→ **DATA FOR REVIEW**
-- -- --

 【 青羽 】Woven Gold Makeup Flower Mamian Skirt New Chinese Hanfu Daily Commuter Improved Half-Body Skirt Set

-- -- --

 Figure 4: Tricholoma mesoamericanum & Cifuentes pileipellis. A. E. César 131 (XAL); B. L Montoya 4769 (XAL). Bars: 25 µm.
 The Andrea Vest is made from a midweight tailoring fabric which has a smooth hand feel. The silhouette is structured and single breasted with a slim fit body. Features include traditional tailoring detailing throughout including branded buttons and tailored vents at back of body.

-- -- --

→ **WHAT YOU ARE ASKED TO DO**
Print, without alteration, only the lines above between the one holding "Figure 4: Tricholoma" and the one holding "The Andrea Vest", inclusive.

→ **SOLUTION FOR THIS EXERCISE**
 Figure 4: Tricholoma mesoamericanum & Cifuentes pileipellis. A. E. César 131 (XAL); B. L Montoya 4769 (XAL). Bars: 25 µm.
 The Andrea Vest is made from a midweight tailoring fabric which has a smooth hand feel. The silhouette is structured and single breasted with a slim fit body. Features include traditional tailoring detailing throughout including branded buttons and tailored vents at back of body.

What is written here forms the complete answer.